* [Data supplied]:
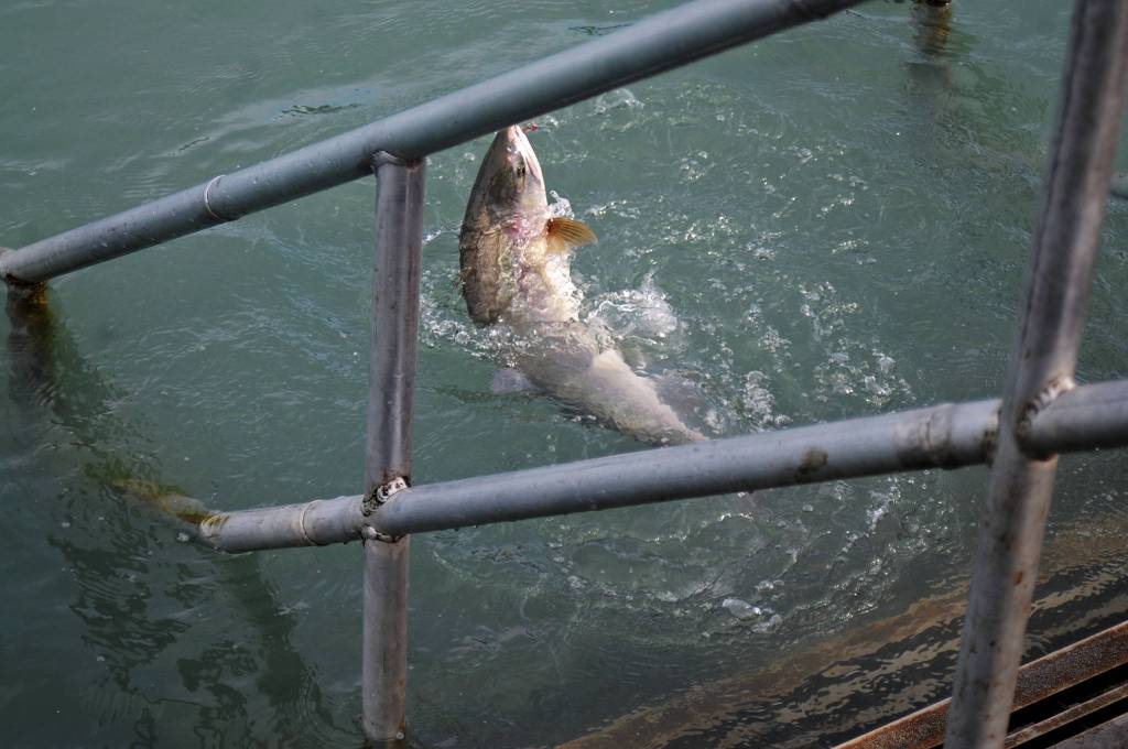 In this August 2016 photo, an angler lands a pink salmon on the docks at Centennial Park in Soldotna, Alaska. (Elizabeth Earl/Peninsula Clarion, file)
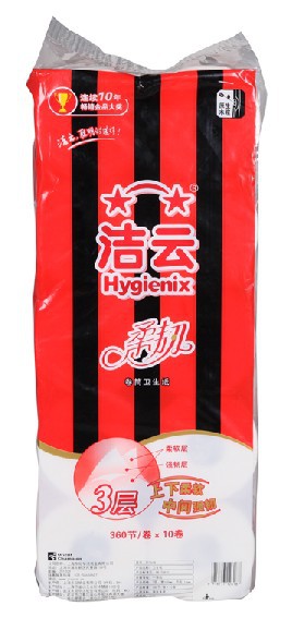 潔云三層平紋柔韌卷紙360節(10卷裝),紙質柔韌,不易破損,使用放心;100%原生木漿,天然純白,吸水性好
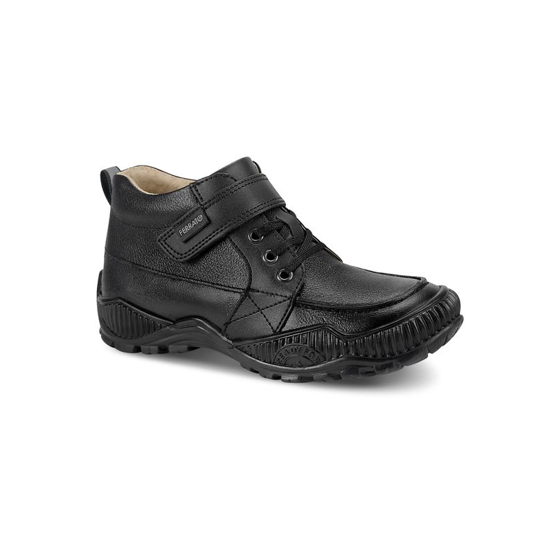 Este botín escolar negro para niños está hecho de piel y tiene una suela antiderrapante.
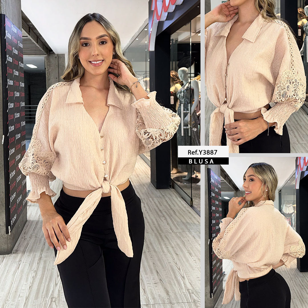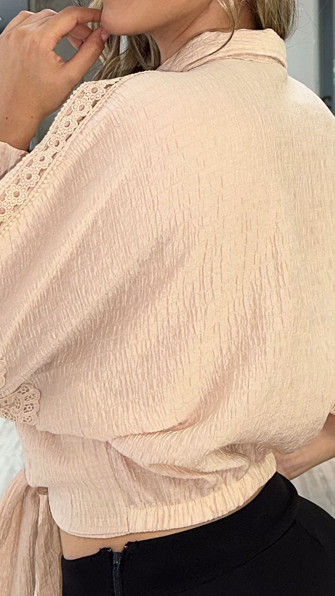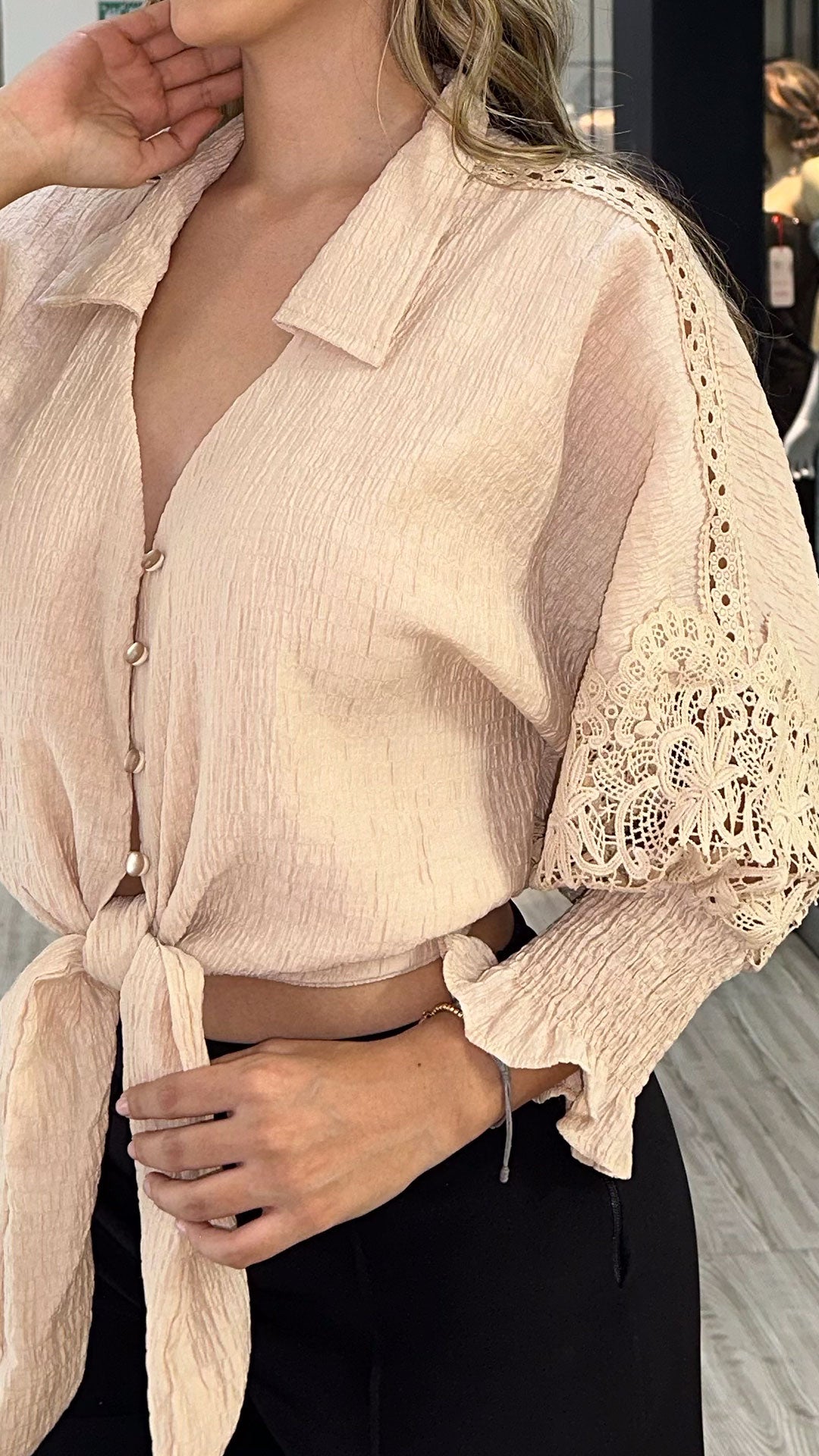 Blusa de color camel, con un diseño contemporáneo y femenino. Sed estaca por sus mangas acampanadas adornadas con inserciones de encaje delicado, añadiendo un toque romántico y sofisticado. La blusa tiene un corte relajado con un nudo en la parte frontal, lo que le da un aire casual y chic. El tejido de textura ligera y el escote en V complementan el estilo veraniego y versátil de la prenda, ideal para combinar tanto con jeans como con faldas para diferentes ocasiones.
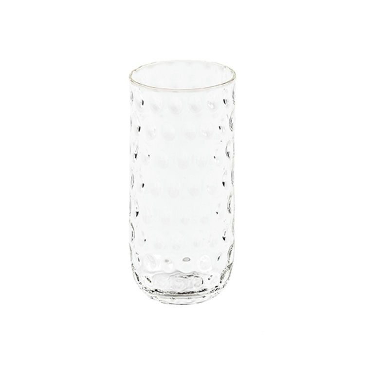 Der Danish Summer Tumbler von Kodanska mit einem Muster aus großen Tropfen kann sowohl für kalte als auch für warme Getränke sowie zur Aufbewahrung von Schreibutensilien oder kleinen Gegenständen verwendet werden. Jedes Glas ist mundgeblasen und hat eine abgerundete Holzform, wodurch sichergestellt wird, dass alle Gläser die gleiche Größe haben, obwohl jedes seine eigene einzigartige Farbe und sein eigenes Muster hat.
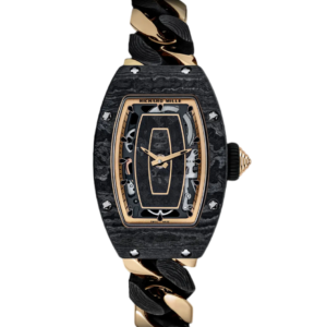 Richard Mille RM 07-01 RG-CA Automatic Openlink RG & Carbon TPT Bracelet The Richard Mille RM 07-01 RG-CA Automatic Openlink with a Rose Gold & Carbon TPT® Bracelet is a luxury women's watch that merges technical excellence with an elegant and contemporary design. The RM 07-01 RG-CA exemplifies Richard Mille's commitment to innovation through the use of advanced materials and attention to detail, providing a perfect blend of luxury, durability, and cutting-edge technology.
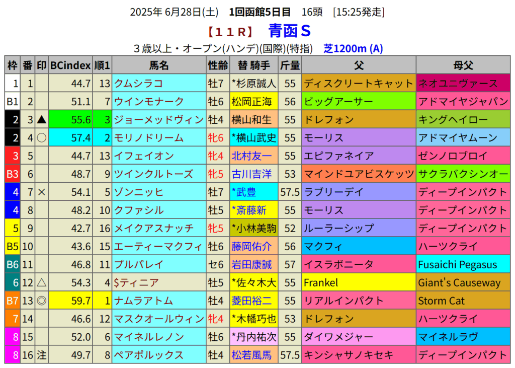函館の芝1200mのオープン特別です。指数1位は昇級初戦となるナムラアトムです。こういう場合は指数2位馬を軸にして馬得kんを購入するケースもありますがここはハンデ戦です。血統的にも姉にナムラクレアがいる血統です。ナムラクレアは重賞5勝の実力馬で函館スプリントSも勝っています。好走期待です。
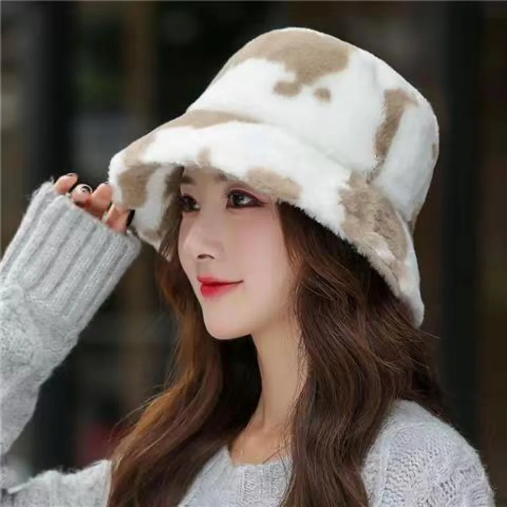 Chapeau seau en peluche pour femmes, mode automne et hiver, chapeau chaud et froid, imprimé léopard épais
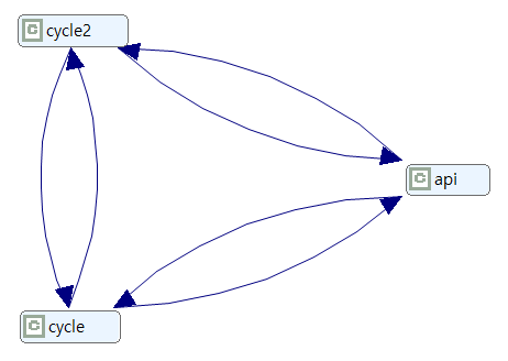 - 3개의 컴포넌트가 3개의 순환 의존을 가지고 있고, 1개의 Cycle Group을 형성하고 있다.

* [Exercise details]: Every line of the records above must reappear exactly, though the pictures must not.

* [Expected answer]:
 In this August 2016 photo, an angler lands a pink salmon on the docks at Centennial Park in Soldotna, Alaska. (Elizabeth Earl/Peninsula Clarion, file)
 潔云三層平紋柔韌卷紙360節(10卷裝),紙質柔韌,不易破損,使用放心;100%原生木漿,天然純白,吸水性好
 Este botín escolar negro para niños está hecho de piel y tiene una suela antiderrapante.
 Blusa de color camel, con un diseño contemporáneo y femenino. Sed estaca por sus mangas acampanadas adornadas con inserciones de encaje delicado, añadiendo un toque romántico y sofisticado. La blusa tiene un corte relajado con un nudo en la parte frontal, lo que le da un aire casual y chic. El tejido de textura ligera y el escote en V complementan el estilo veraniego y versátil de la prenda, ideal para combinar tanto con jeans como con faldas para diferentes ocasiones.
 Der Danish Summer Tumbler von Kodanska mit einem Muster aus großen Tropfen kann sowohl für kalte als auch für warme Getränke sowie zur Aufbewahrung von Schreibutensilien oder kleinen Gegenständen verwendet werden. Jedes Glas ist mundgeblasen und hat eine abgerundete Holzform, wodurch sichergestellt wird, dass alle Gläser die gleiche Größe haben, obwohl jedes seine eigene einzigartige Farbe und sein eigenes Muster hat.
 Richard Mille RM 07-01 RG-CA Automatic Openlink RG & Carbon TPT Bracelet The Richard Mille RM 07-01 RG-CA Automatic Openlink with a Rose Gold & Carbon TPT® Bracelet is a luxury women's watch that merges technical excellence with an elegant and contemporary design. The RM 07-01 RG-CA exemplifies Richard Mille's commitment to innovation through the use of advanced materials and attention to detail, providing a perfect blend of luxury, durability, and cutting-edge technology.
函館の芝1200mのオープン特別です。指数1位は昇級初戦となるナムラアトムです。こういう場合は指数2位馬を軸にして馬得kんを購入するケースもありますがここはハンデ戦です。血統的にも姉にナムラクレアがいる血統です。ナムラクレアは重賞5勝の実力馬で函館スプリントSも勝っています。好走期待です。
 Chapeau seau en peluche pour femmes, mode automne et hiver, chapeau chaud et froid, imprimé léopard épais
 - 3개의 컴포넌트가 3개의 순환 의존을 가지고 있고, 1개의 Cycle Group을 형성하고 있다.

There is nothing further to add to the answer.